Dead to the Max (Max Starr, #1)

“Your way isn’t working. It never did.”


“So now I’ve got to change because you think it’s best for me?” She writhed on the edge of his words, as if his voice were a string attached to her limbs. “Cameron says dance, and I dance. Cameron says find a killer, and I look for one. Cameron says don’t love this man, love that one. Fuck this one, not that one. You can’t tell me what to do anymore. I’ll have sex when I want and with whom I want. I’m in control, do you hear that?”

“Sex isn’t about power and control. It’s about making love.”

She wrapped her arms around herself, bit her lip until she tasted blood. “I’ve forgotten how to make love.”

“You never really knew how.” The words were just a whisper in the air.

They sliced her to the bone. “You were a lot of things, Cameron, but cruel never used to be one of them.”

“Cruelty is the only weapon I have left, my love.”

Anything she might have said would put her dangerously close to tears.

He was silent a moment. “I don’t like what we’re doing to each other. But I don’t know how to stop it.”

She rocked back and forth on her toes, eyes squeezed tight.

She felt him at her back, his lips at her nape, his arms curved beneath her breasts. “I will always love you,” he whispered next to her ear, his voice filled with real tears that seemed to fall against her own cheeks. “Forgive me for everything I’ve done to you, for all the mistakes I’ve made.”
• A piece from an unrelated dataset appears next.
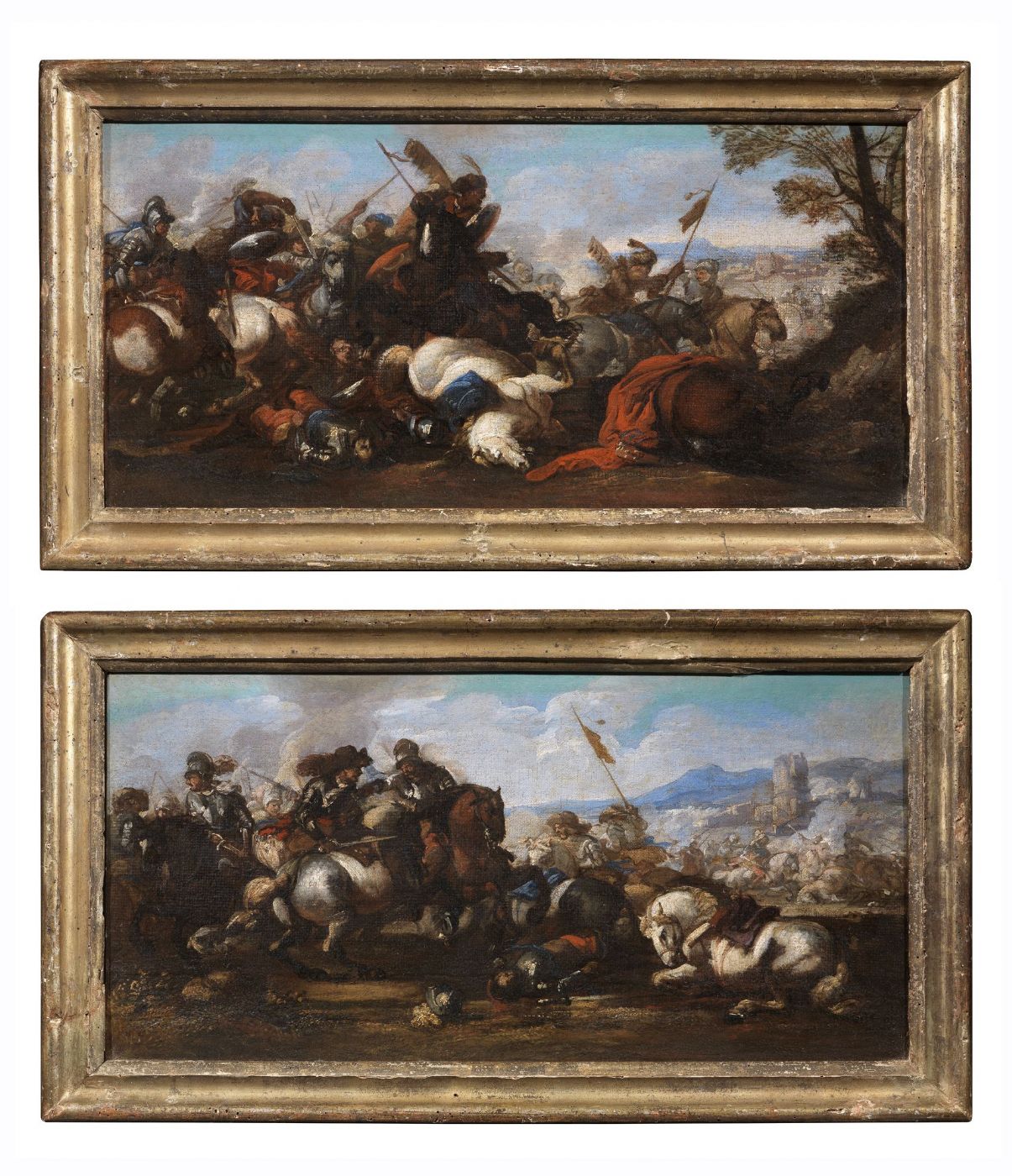 Jacques Courtois Il Borgognone (1621-1676) - Coppia di battaglie

Then the swirl of peppermint and aftershave vanished like vapor in sunlight, leaving only the echo of his final words, “Good-bye, my love.

She closed her eyes to the smell of rain on concrete, the tang of wet cat fur, frying bacon in a downstairs apartment. She sniffed the air, there wasn’t a trace of his scent.

“Cameron?”

She felt the silence like the sudden snap of the tether that bound him to her. He’d never said good-bye before.

“Don’t you dare walk out when we’re fighting.”

No answer. She bit her already abused bottom lip.

“This disappearing act doesn’t mean you’ve won.”

Nothing. She started to shake.

“Filthy bastard.”

It was a word meant to rouse his ire, a bone he couldn’t pass on, a gauntlet he’d never refused to pick up. It had always worked in the past.

She shivered even though the rain hadn’t completely eased the heat. “Please don’t leave me,” she whispered into the darkened room.

She focused on all her pain, all her anger, all her fear, then sent it out into the universe for Cameron to find, to feel, to despair over, knowing he’d have to come back if only to hold her in his arms one more time.

“I need you.”

A car honked a block away, across the street a mother called her son in for the night, and somewhere, a door slammed.

But there was not a sound in Max’s room except the jerky intake of her own breath.

Cameron was gone.





Chapter Twenty-Two


Since the day she’d met Cameron, there’d never been a time Max was truly alone. Or wanted to be. Sure there were the usual married couple fights, but she always knew he’d come back. He’d never actually said good-bye. She always knew eventually, after he cooled down, she’d hear his key in the door.

She sagged onto the bed beneath the weight of the silence in the little room. Buzzard leaped onto the coverlet, curled into a tight ball beside her. His bony spine jabbed her thigh. Within seconds, the cat was purring. The rain beat lazily against the siding. All other sound had died away.

“He’ll be back, I know he will.” Except that his words had seemed so full of anguish, so hopeless, so unlike Cameron who’d always been the one with all the answers.

So...final. Good-bye, my love.

She shivered again, rubbed her hands up and down her arms. Her chest hurt as if she’d run a long distance. Her eyes burned. She rubbed the ache, and her fingers came away wet.

God, she couldn’t be crying.

She never cried.

Not the day she’d watched them put her mother in the ground when she was eight years old.

Not the day she was forced to live in her uncle’s house, nor the day she managed to leave it for good.

Not the day she first touched Cameron, nor the day she laid him to rest.

Because she’d never laid him to rest, she’d never let him go, never thought she’d have to say good-bye. Or hear him say it.

The cat rolled over, stretched, then sank his claws into her leg. He regarded her with wide yellow eyes; the little buzzard had done it on purpose. She pulled the needles out of her skin and rose. Dropping her sweatshirt, pants, and nylons in a line as she walked to the bathroom, she took her robe off the door. The lights were still out. She left them that way; she didn’t think she could stand to see her face in the mirror.

The red numbers on her bedside clock were slightly blurred. She wiped a hand across her cheeks. They were still wet, as if her eyes had watered involuntarily.